- Italian theatrical release poster
- Directed by: Ferdinando Baldi
- Screenplay by: Mino Roli Nico Ducci Ferdinando Baldi
- Story by: Mino Roli Nico Ducci
- Produced by: Armando Todaro
- Starring: Paul Smith Michael Coby
- Cinematography: Aiace Parolin
- Edited by: Antonietta Zita
- Music by: Franco Bixio Vince Tempera
- Release date: 1974;
- Language: Italian

= Carambola (film) =

1974 film by Ferdinando Baldi

Carambola! (Carambola, also known as Strange Adventures of Coby and Ben) is a 1974 Italian comedic Spaghetti Western film co-written and directed by Ferdinando Baldi.
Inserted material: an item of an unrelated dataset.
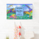 Celebrate that special 5th birthday with this fun personalised colourful dinosaur banner. All the prehistoric Jurassic era dinos are here with T. rex or tyrannosaurus, spinosaurus, stegosaurus,brontosaurus and flying pterodactyl all in bright colours and ready to party. Original artwork by artist Catherine Sweetman
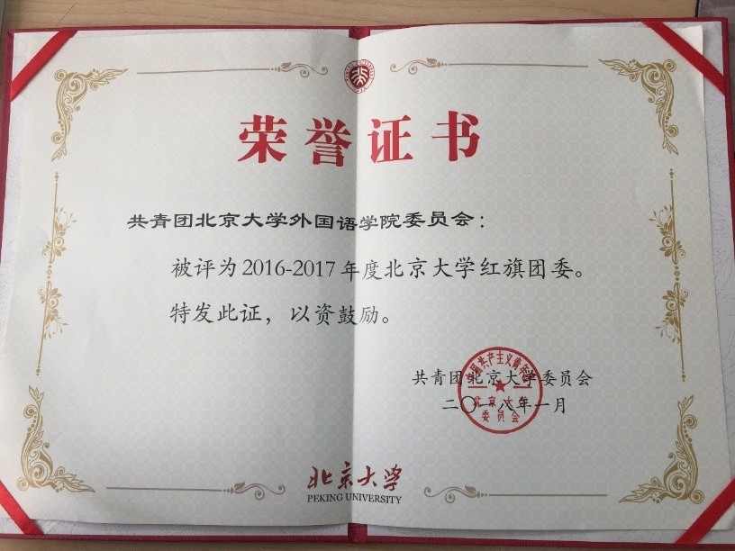 近日,开云(中国)被授予北京大学“学生工作先进单位”称号、共青团开云电子登录委员会被授予北京大学“红旗团委”称号。

It was the first film starring the pair Paul Smith and Michael Coby, a duo formed by producer Manolo Bolognini with the purpose of copying the successful films of the duo Terence Hill and Bud Spencer. It was followed by Carambola's Philosophy: In the Right Pocket.

==Plot==
Coby, a former soldier and champion of pool and his gigantic and irascible friend Clem accepted, for $50.000, to investigate arms trafficking that would take place between the US and Mexico. The two devise a trick.